This design presents a number of practical problems during use. By using the walls of the channel containing the air tube as a bite block, the only a small area of material is in contact with the incisors. This will result in high forces exerted over a small area, giving rise to large pressures on the bite block when the patient bites down on it, which can lead to failure of the block. Further, a three-sided bite block structure is mechanically weaker than a structure which fully surrounds the air tube. For these reasons, extra material or stronger plastics are required to raise the bite-block strength, increasing the cost of the device.
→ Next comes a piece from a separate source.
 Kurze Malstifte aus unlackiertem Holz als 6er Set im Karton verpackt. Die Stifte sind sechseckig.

Moreover, the large size of the air tube bite-block and its position obstruct the oral cavity. This obstruction complicates the use of other devices, such as suction devices which are commonly inserted into the mouth during oral procedures. Additionally, positioning the bite block in the center of the mouth makes it more difficult for the physician to see into the oral cavity.
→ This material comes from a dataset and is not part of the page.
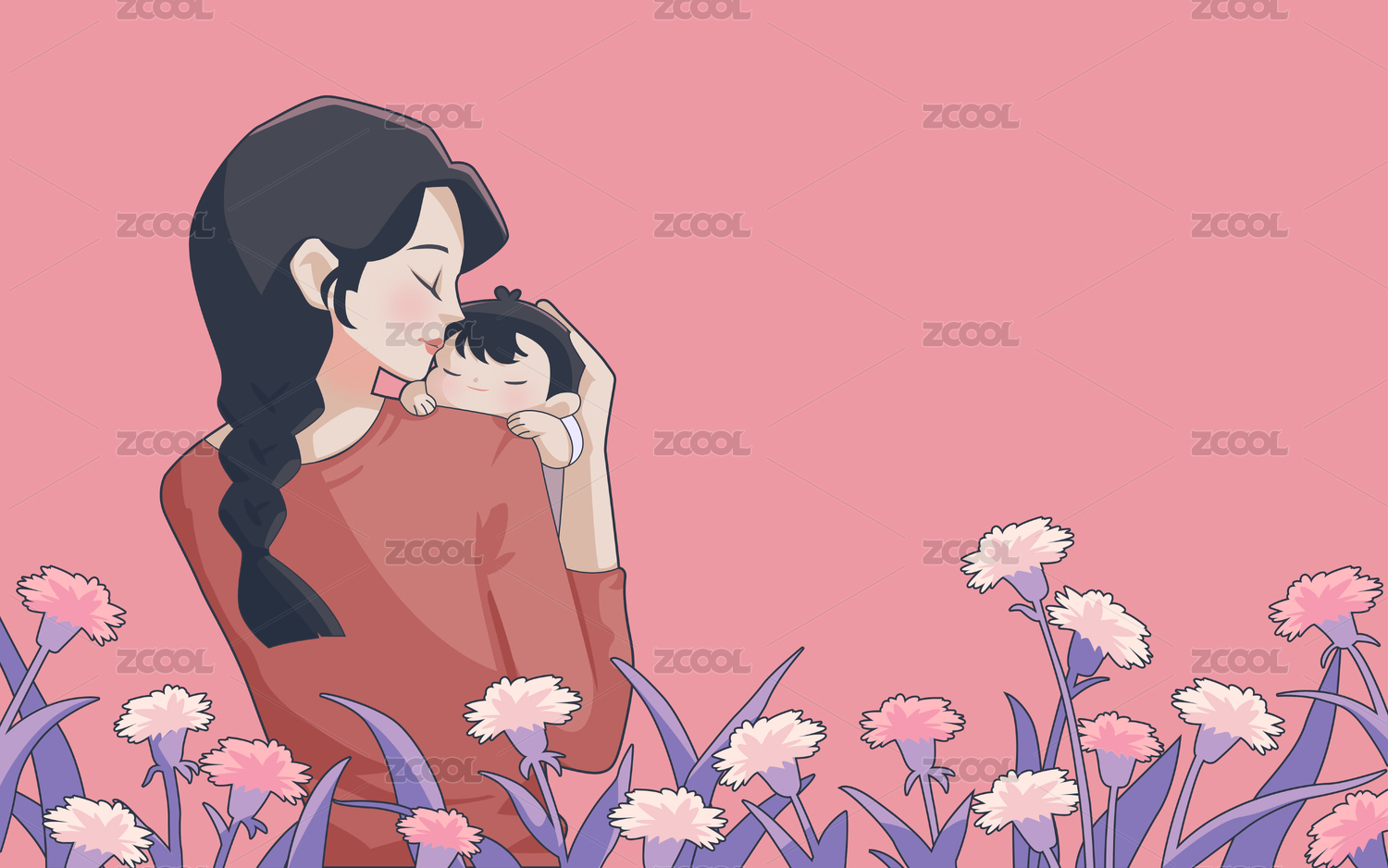 母亲节妈妈抱着婴儿萌宝插画矢量图

Yet a further difficulty is that these bite blocks use elongated U-shaped channels to hold the LMA tube over relatively long lengths. As such, this requires the tube to be inserted and secured within the bite block along a relatively long length after the bite block has been installed in the patient's mouth. Consequently, this installation can be difficult and time consuming for the treating medical personnel. Similarly, removal of the air tube from the bite block can also be more complicated.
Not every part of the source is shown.